Bee decline already having dramatic effect on pollination of plants
A decline in bees and global warming are having a damaging effect on the pollination of plants, new research claims.
The Telegraph (U.K.), Sept 6, 2010
Researchers have found that pollination levels of some plants have dropped by up to 50 per cent in the last two decades.
The "pollination deficit" could see a dramatic reduction in the yield from crops.
The research,
carried out in the Rocky Mountains, Colorado, is the first to show that
the effect is real and serves as a "warning" to Britain which if
anything has seen an even greater decline in bees and pollinators.
"This serves as a
warning to other countries," said Professor James Thomson at the
University of Toronto, who carried out the research.
"For quite some
time people have been suggesting that pollinators are in decline and
that this could have an effect on pollination.
"I believe that
this is the first real demonstration that pollination levels are getting
worse. I believe it is a significant decline. I believe the pollination
levels have dropped by as much as 50 per cent.
"Bee numbers may
have declined at our research site, but we suspect that a climate-driven
mismatch between the times when flowers open and when bees emerge from
hibernation is a more important factor."
According to a
previous study, England's bees are vanishing faster than anywhere else
in Europe, with more than half of hives dying out over the last 20
years.
Butterflies and other insects are also in decline due to habitat loss and climate change.
The situation is
so serious that the government has launched a £10 million project to
find out what is causing bees and other insects to disappear.
It is estimated
bees are responsible for one in three mouthfuls of our food, and that
insect pollinators contribute £440 million to the British economy
through their role in fertilising crops.
For the latest study, Prof Thomson carried out a 17-year examination of the wild lily in the Rocky Mountains.
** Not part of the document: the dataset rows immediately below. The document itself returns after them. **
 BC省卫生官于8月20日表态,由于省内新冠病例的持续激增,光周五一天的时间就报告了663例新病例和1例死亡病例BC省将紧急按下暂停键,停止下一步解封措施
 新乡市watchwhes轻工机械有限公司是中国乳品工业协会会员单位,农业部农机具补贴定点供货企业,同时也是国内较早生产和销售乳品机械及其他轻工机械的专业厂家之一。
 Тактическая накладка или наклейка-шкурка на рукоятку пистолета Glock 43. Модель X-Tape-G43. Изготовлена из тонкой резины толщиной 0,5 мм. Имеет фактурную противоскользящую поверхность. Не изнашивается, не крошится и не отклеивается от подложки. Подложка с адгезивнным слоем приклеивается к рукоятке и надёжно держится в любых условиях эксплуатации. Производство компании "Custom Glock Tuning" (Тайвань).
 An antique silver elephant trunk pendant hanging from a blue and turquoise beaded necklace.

It is one of the longest-term studies of pollination ever done.
It reveals a
progressive decline in pollination over the years, with particularly
noteworthy pollination deficits early in the season.
The study will be published in Philosophical Transactions of the Royal Society B: Biological Sciences.
Three times each
year, Prof Thomson compared the fruiting rate of unmanipulated flowers
to that of flowers that are supplementally pollinated by hand.
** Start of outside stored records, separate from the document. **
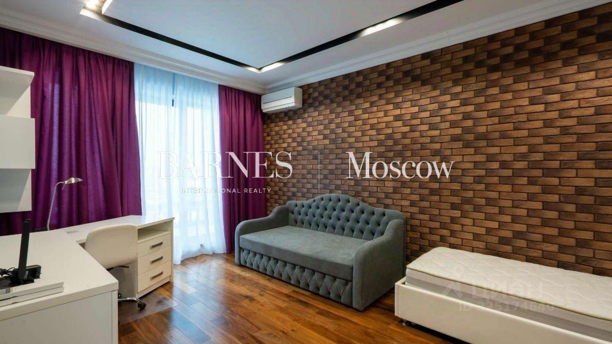 Мастер-спальня очень просторная, с отдельной гардеробной и санузлом. Есть две детские спальни с одним санузлом и гостевая спальня с гардеробом. Для удобства предусмотрен кабинет со всеми необходимыми предметами интерьера. Общая просторная гардеробная на 60 квадратных метров с большим зеркалом, много места для хранения сезонных вещей и ненужных коробок.
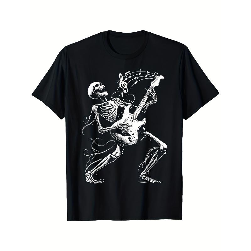 European Sizes Men'S Rock Band Skeleton Guitarist Graphic T-Shirt - Black & White Music Tee with Electric Guitar & Stage Performance Design
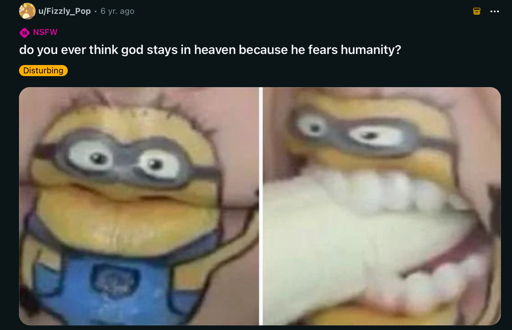 1·1 day agoI don’t care if there’s a thousand butt ass naked green aliens roaming around in Area 51, I’d rather see the pedophile elites face the consequences.
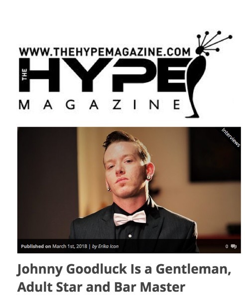 Johnny’s interview is part of Conversations on The Hype. “Johnny Goodluck Is a Gentlemen, Adult Star & Bar Master” delves into his passion as a mixologist. He discusses how he got into it, His favorite drink to make, what makes the perfect cocktail, the best bartending advice he ever received, the crucial thing all tapsters must know, and much more. Plus, he gives readers an exclusive drink recipe for his signature cocktail Silence of the Gingers. And, there are several photos of Goodluck tending bar and at adult events. Read the article in its entirety at https://www.thehypemagazine.com/2018/03/johnny-goodluck-is-a-gentleman-adult-star-and-bar-master/

"Early in the year, when bumble bee queens are still hibernating, the fruiting rates are especially low," he says.
"This is sobering
because it suggests that pollination is vulnerable even in a relatively
pristine environment that is free of pesticides and human disturbance
but still subject to climate change."
Prof Thomson
began his long-term studies in the late 1980s after purchasing a remote
plot of land and building a log cabin in the middle of a meadow full of
glacier lilies.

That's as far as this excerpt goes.